A month after announcing that he had Parkinson's disease during an appearance on "Good Morning America" , Ozzy Osbourne has now revealed to the Los Angeles Times that it was actually first diagnosed back in 2003.
"I'm not dying from Parkinson's. I've been working with it most of my life," the legendary heavy metal singer said in a new interview. "I've cheated death so many times. If tomorrow you read ' Ozzy Osbourne never woke up this morning,' you wouldn't go, 'Oh, my God!' You'd go, 'Well, it finally caught up with him.'"
Ozzy , who noted the medication he takes for tremors can cause short-term memory loss, hopes to resume his solo farewell tour later this year. He had neck surgery to correct an old injury that he aggravated early last year, forcing him to stay off the road for all of 2019.
"It's been a pretty incredible, interesting career," he told the Los Angeles Times . "People have written me off time and time again, but I kept coming back and I'm going to come back from this.
"When? I don't know," he said.
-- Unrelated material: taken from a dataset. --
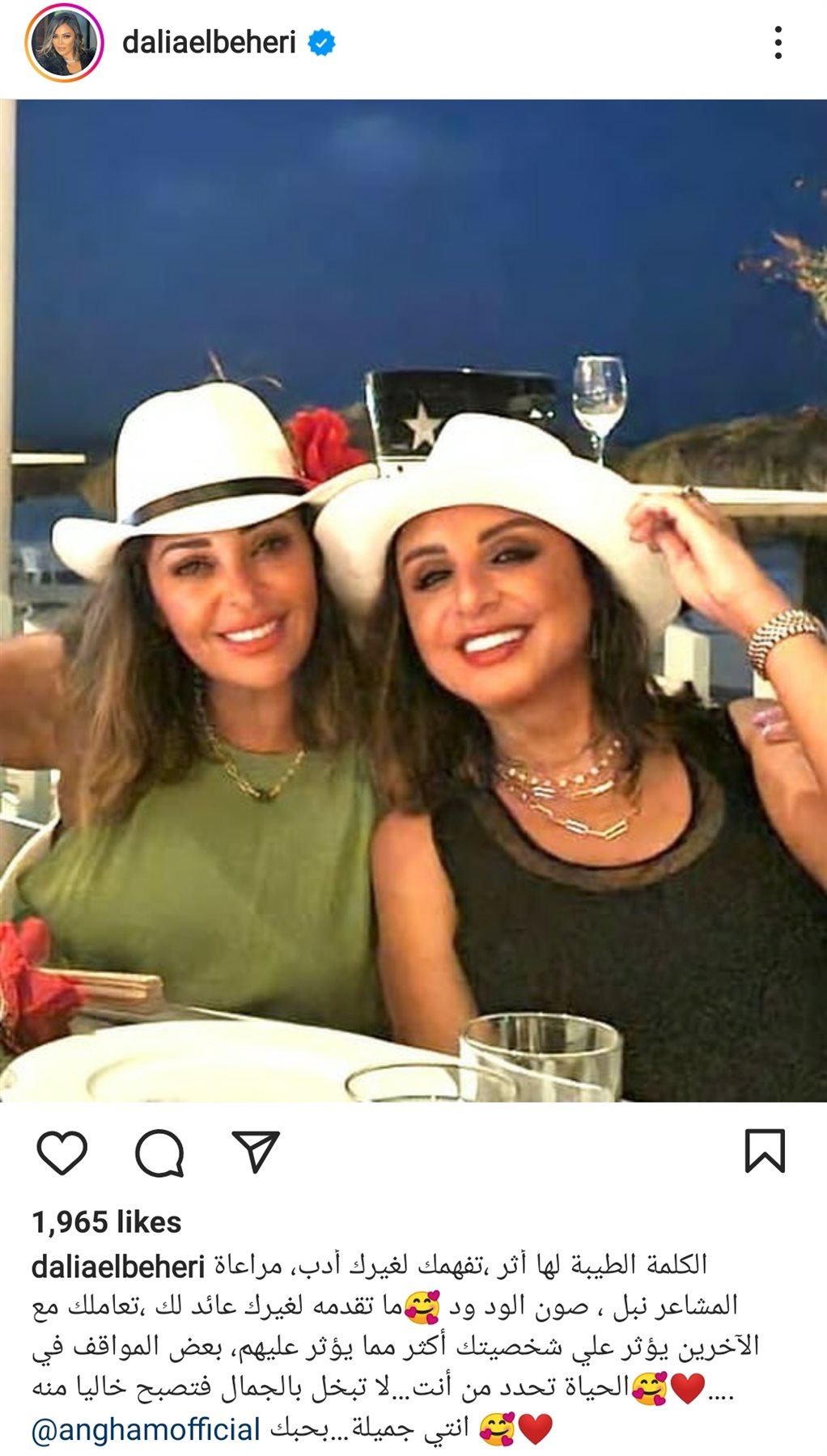 بعد إنهاء الخلاف بين الفنانة داليا البحيري، والفنانة أنغام وجهت داليا البحيري لها رسالة مليئة بالحب و الود، وذلك على موقع تبادل الصور والفيديوهات" إنستجرام ".
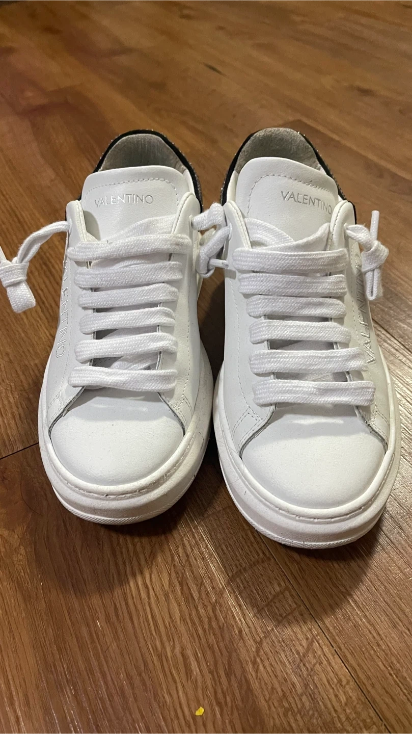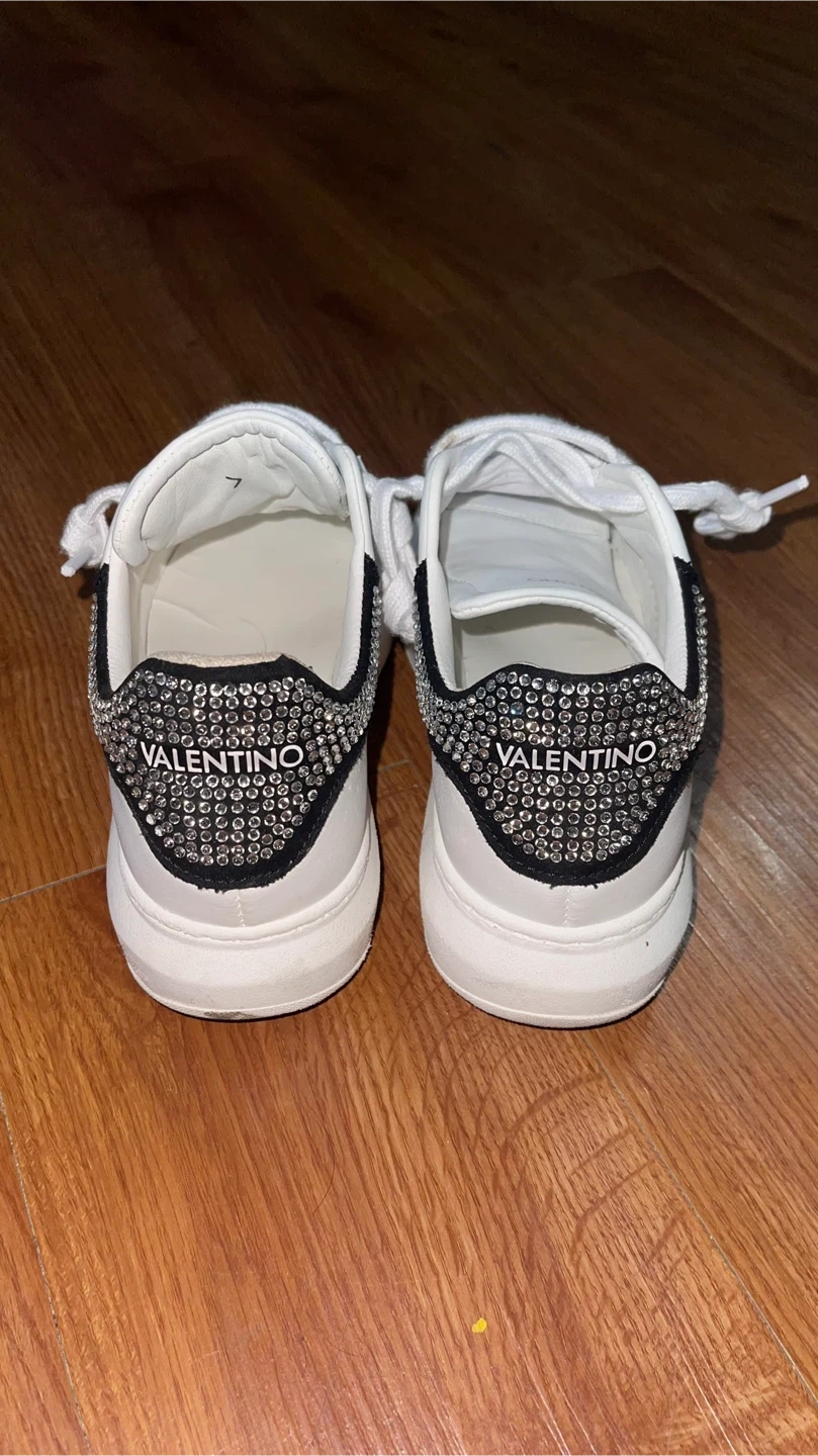 Selling a pair of Valentino white leather sneakers. These stylish sneakers feature a unique design with embellishments on the back. They are in great condition and ready for a new home! (Authentic)

About returning to the live stage, he added: "I don't want to go back out there until I'm ready."
The BLACK SABBATH frontman's wife Sharon explained in an interview on "Good Morning America" that Ozzy has "PRKN 2, which is a form of Parkinson's. There's so many different types of Parkinson's. It's not a death sentence by any stretch of the imagination, but it does affect certain nerves in your body. It's like you have a good day, a good day and then a really bad day."
Ozzy will head to Switzerland in April to see a specialist about his condition, and is then scheduled to resume the North American leg of tour this spring. His first new solo album in 10 years, "Ordinary Man" , is due for release on February 21.
Ozzy added he has been experiencing other symptoms that may or may not stem from Parkinson's, saying, "I got a numbness down this arm for the surgery; my legs keep going cold. I don't know if that's the Parkinson's or what, you know, but that's — see, that's the problem. Because they cut nerves when they did the surgery. I'd never heard of nerve pain, and it's a weird feeling."
Fifteen years ago, Ozzy said that he had been diagnosed with Parkin syndrome, a genetic condition which has symptoms similar to that of Parkinson's disease, such as body shakes. At the time, he said that he was relieved his debilitating body tremors were from Parkin and not his lifetime of drug abuse.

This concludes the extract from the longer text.